Even Rand Paul has weighed in on this issue in Time: “There is a legitimate role for the police to keep the peace, but there should be a difference between a police response and a military response.” He sees an undo influence of big government, all too eager to weaponise local police. But what is the fundamental difference between the police and the military?
Is it the nature of the weapons they should use? The underlying issues they are there to address? The level of violence they face?
All these are useful questions. But the key point is that whatever force the police use has to be legitimate in the eyes of the public they monitor and guard. Their power, ultimately, is authorized by those who are subject to it. Without that, they lack the essential, effective means they need to do their job. By contrast, the military engages in war with enemies, those who, by definition, do not accept their authority.

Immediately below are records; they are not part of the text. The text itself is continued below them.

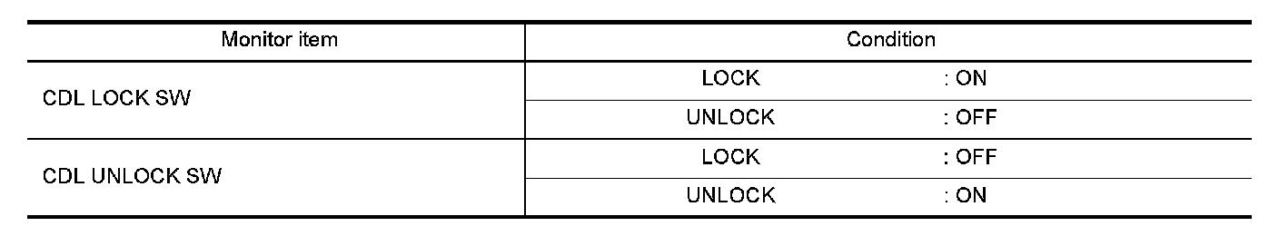 Check ("CDL LOCK SW ", "CDL UNLOCK SW") in "DATA MONITOR" mode for "POWER DOOR LOCK SYSTEM" with CONSULT. Refer to"DOOR LOCK : CONSULT Function (BCM DOOR LOCK)" CONSULT Function.
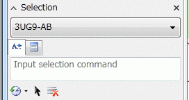 パネル下方の矢印ボタン また,MolStructパネルでは,単一残基だけでなく,複数残基を選択することも可能です. Selectionパネルから選択文を入力して選択する選択しようとする目的の残基やリガンドの, 残基名,残基番号などがあらかじめ分かっている場合は, Selectionパネルから選択文を入力して選択するのが便利です. (選択文自体は既にSTEP1,2で着色の指定などに使用しました) Selectionパネルを開き,タブ「 この状態で,"Input selection command"の部分に選択文を入力し, 下方の矢印ボタンを押すと,入力した選択文に対応する部分が選択されます. ChRのretinalはA鎖, B差ともに401番目の残基になっているので,選択文に A.401.* と入力し,矢印ボタンを押すとA鎖のretinalが選択されます. 選択文を使用すると,様々に複雑な方法で選択することが可能です. 選択文の詳細はcuemol2/SelSyntaxを参照してください. Styleへの登録Retinalに関する操作は今後よく行う可能性があるので,retinalの色と選択をstyleへ登録しておきます.
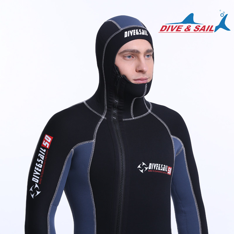 Dev 5mm thickened warm diving suit cold-proof rubber suit 2-piece set two-piece mercerized cloth with diving cap 4133
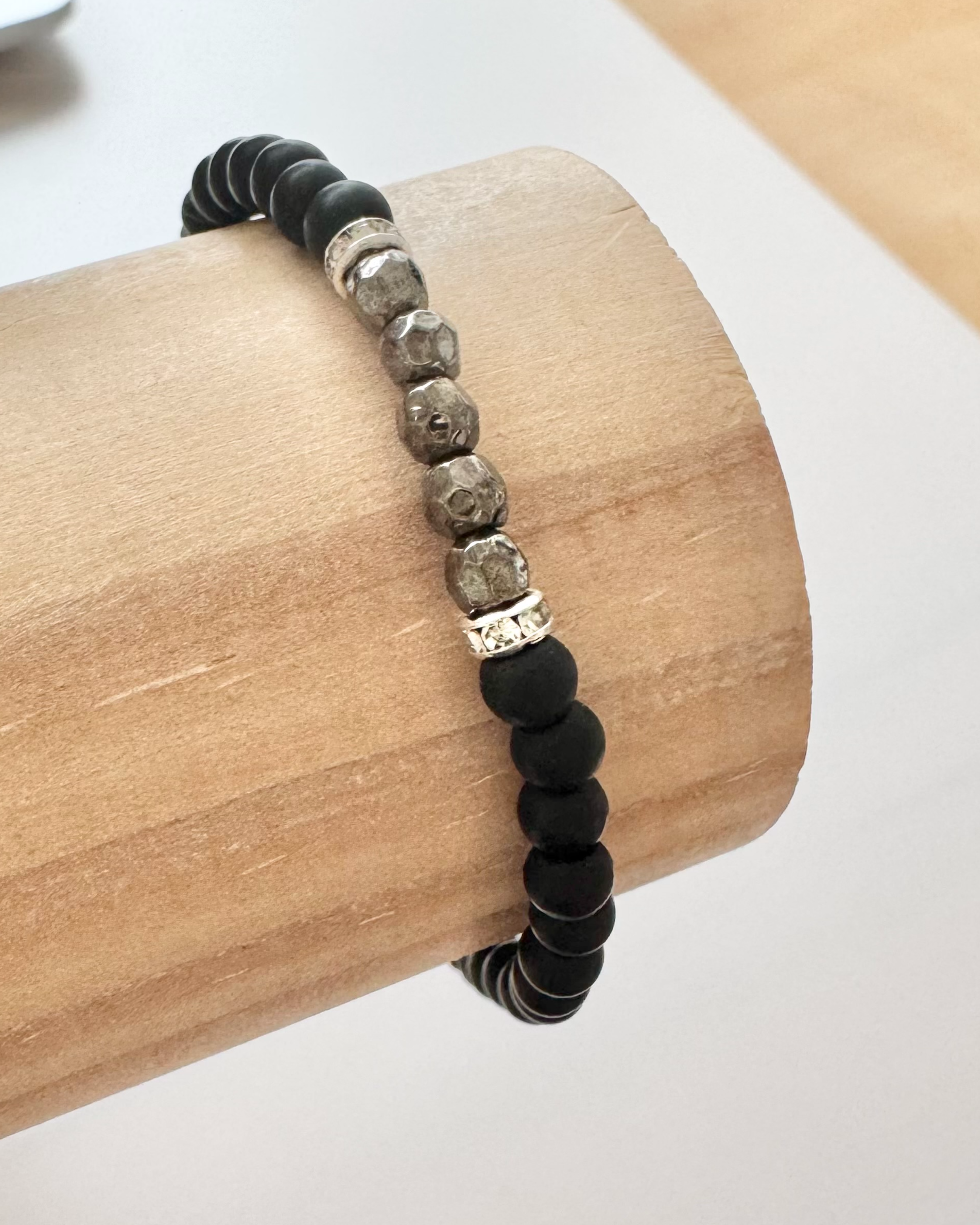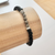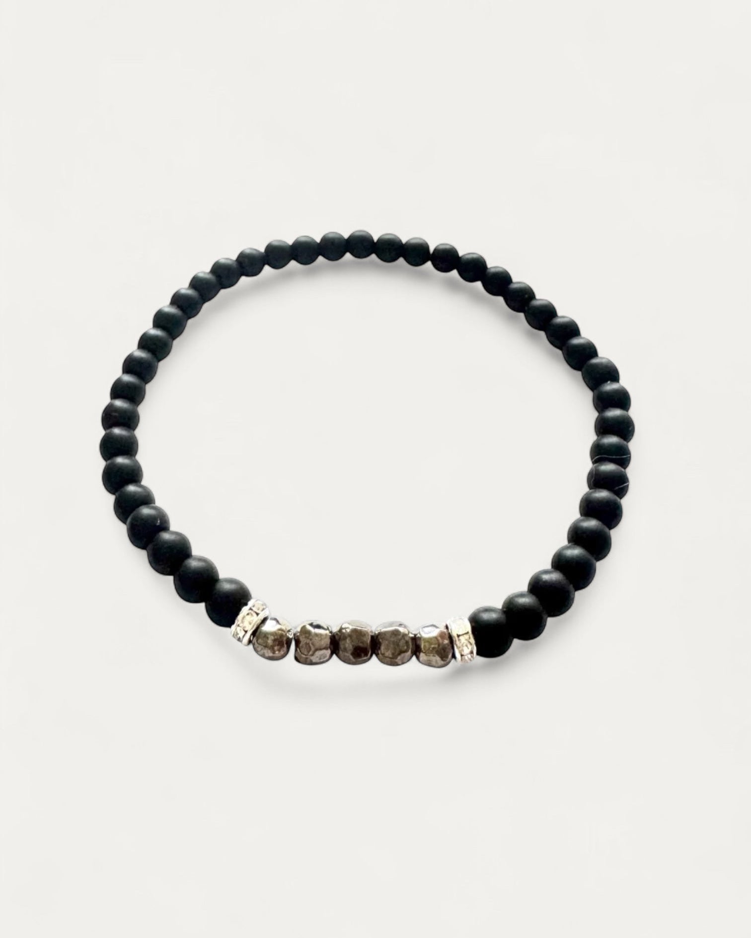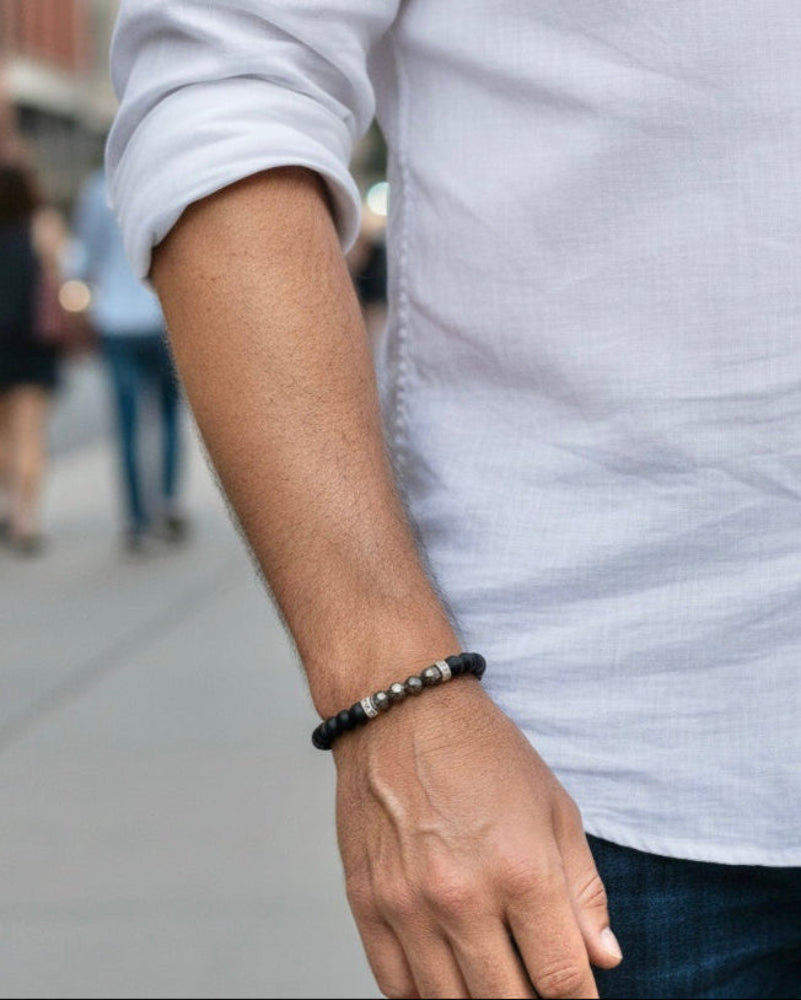 Elastic bracelet for men, handmade with black and gray glass beads, 4mm. Minimalist design for casual outfits.
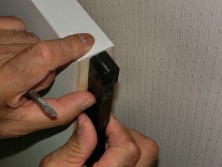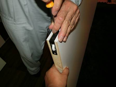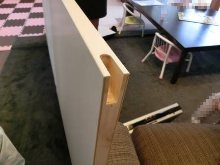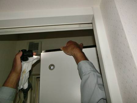 A 現状を確認。引き戸が完全に閉まらない状態でした。引き戸の上部にあるソフトクローズの部材の動きに摩擦があるように感じられたので、いったん引き戸を取り外して部位を確認。

When people feel government is legitimate, they may question specific laws, may grumble and contest, but they have a voice in making them and they have redress when wrongly used. Legitimate force helps them feel more secure. To be sure, that doesn’t always work. We all have an anti-authoritarian streak. We enjoy getting away with infractions. But that’s the baseline, the tacit agreement we have with government.
Without legitimate authority, citizens would have to be persuaded in every case to obey the laws, to follow rules. In a legitimate state, they don’t usually stop to think if they will obey. Authoritarian rule, on the other hand, gives them no voice. They obey out of fear. And they fight back, given the chance, in riots, in anonymous acts of sabotage and non-compliance.
Rand rightly calls attention to the fact that the underlying problem in Ferguson is racism: “Given the racial disparities in our criminal justice system, it is impossible for African-Americans not to feel like their government is particularly targeting them.”
They riot, in other words, because they have no voice. They do not see the police as legitimate, so much as an occupying army.
But the really interesting point here is that the police seem to think similarly. That’s why they accumulated an arsenal of weapons supplied by the Pentagon, and acted fearfully and brutally. As a result, the imagery and the eye-witness accounts have borne an uncanny resemblance to scenes from Gaza and Aleppo.
I do not think that government is the problem, but government can only be as intelligent and thoughtful as we are. Those who act on its behalf need to more fully grasp the nature of the contract that is the essential basis for their power, not the machine guns and armored vehicles they can deploy to threaten and terrify.